The three questions

The Wall Street Journal has an essay by Jonathan Sacks adapted from his new book that says religious violence is not god’s fault.

Predictably, he says some things that I find irritating.

What the secularists forgot is that Homo sapiens is the meaning-seeking animal. If there is one thing the great institutions of the modern world do not do, it is to provide meaning. Science tells us how but not why. Technology gives us power but cannot guide us as to how to use that power. The market gives us choices but leaves us uninstructed as to how to make those choices. The liberal democratic state gives us freedom to live as we choose but refuses, on principle, to guide us as to how to choose.

The first thing that jumps out at us is how stale that is, how automatic, how deadened by repetition. “Science tells us how but not why” – recite clichés much? But setting that aside – you can tell from “What the secularists forgot” (and from previous knowledge of Jonathan Sacks) where he’s going – it’s religion and religion only that can “provide meaning.”

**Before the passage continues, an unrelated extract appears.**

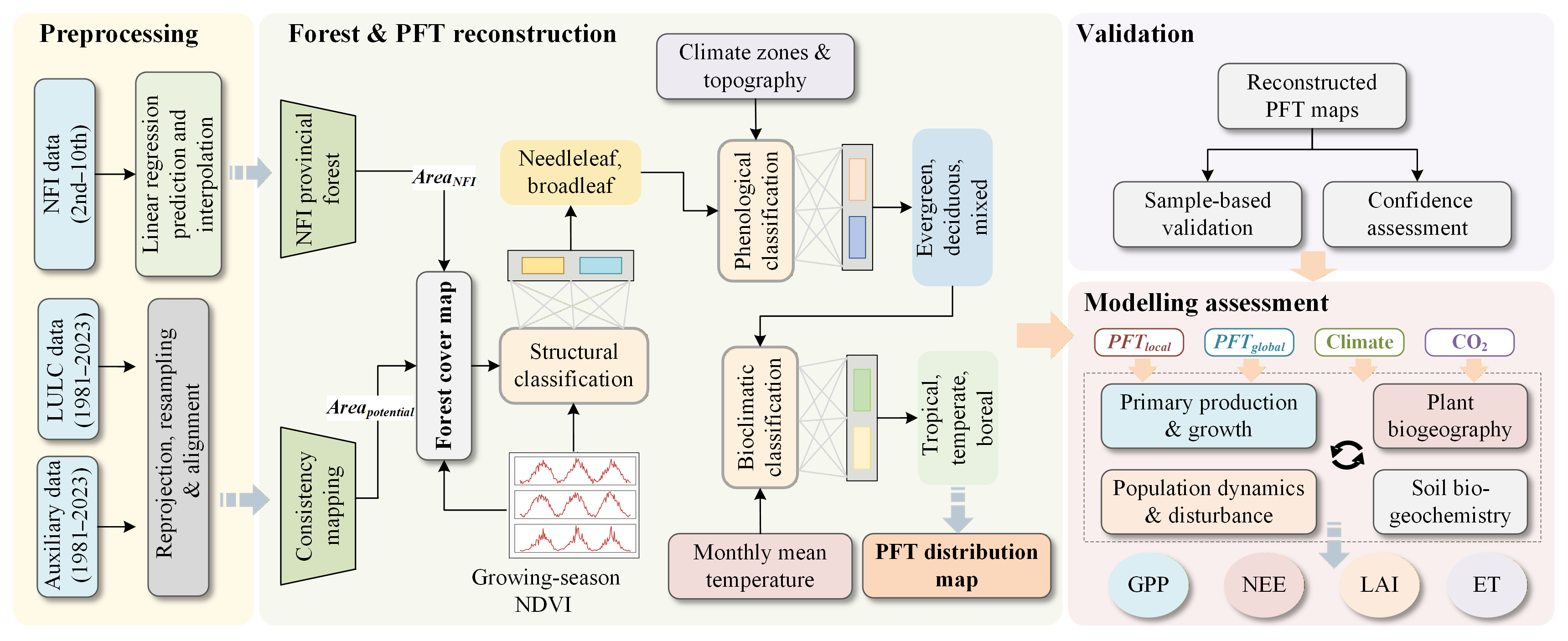 The framework for mapping forest cover and PFTs is shown on Fig. 1. It includes the interpolation of NFI statistical data, reconstruction of annual PFTs, validation, and modelling assessment. We constructed annual forest cover maps of China for the period 1981–2023 by integrating multiple data sources and derived PFTs through a sequential, multistep process. First, forest life forms were classified using a method analogous to that used in forest cover reconstruction; second, phenological characteristics were derived; and finally, these intermediate classifications were subdivided into the final PFTs on the basis of a set of climatic rules. Finally, the accuracy of the reconstructed dataset was assessed using validation samples from field surveys and independent reference data, and its consistency was analysed against existing LULC datasets. In particular, the reconstructed PFT dataset was used to drive a DGVM to evaluate the effectiveness of using the updated PFTs in simulating a series of surface fluxes by comparing the result with those obtained from simulation using the global PFT dataset from the ESA CCI (Harper et al., 2023) and the MCD12Q1 dataset (Sulla-Menashe et al., 2019).

But can it? The “meaning” it provides is the kind of “meaning” a box of tools has – “somebody made me.” That’s not really more meaningful than being a product of natural selection over millions of years, and it can be less so. Who wants to be a hammer or a car or even a lovingly crocheted blanket? What’s meaningful about that?

Sacks continues the banal litany:

Science, technology, the free market and the liberal democratic state have enabled us to reach unprecedented achievements in knowledge, freedom, life expectancy and affluence. They are among the greatest achievements of human civilization and are to be defended and cherished.

But they do not answer the three questions that every reflective individual will ask at some time in his or her life: Who am I? Why am I here? How then shall I live? The result is that the 21st century has left us with a maximum of choice and a minimum of meaning.

That’s not necessarily true. Plenty of people find meaning from science: from doing it, from learning about it, from what it tells us. Sacks is correct that science doesn’t give us a bronze plaque with our Meaning inscribed on it, but who wants that anyway? It’s more interesting and more meaningful to create our own over time.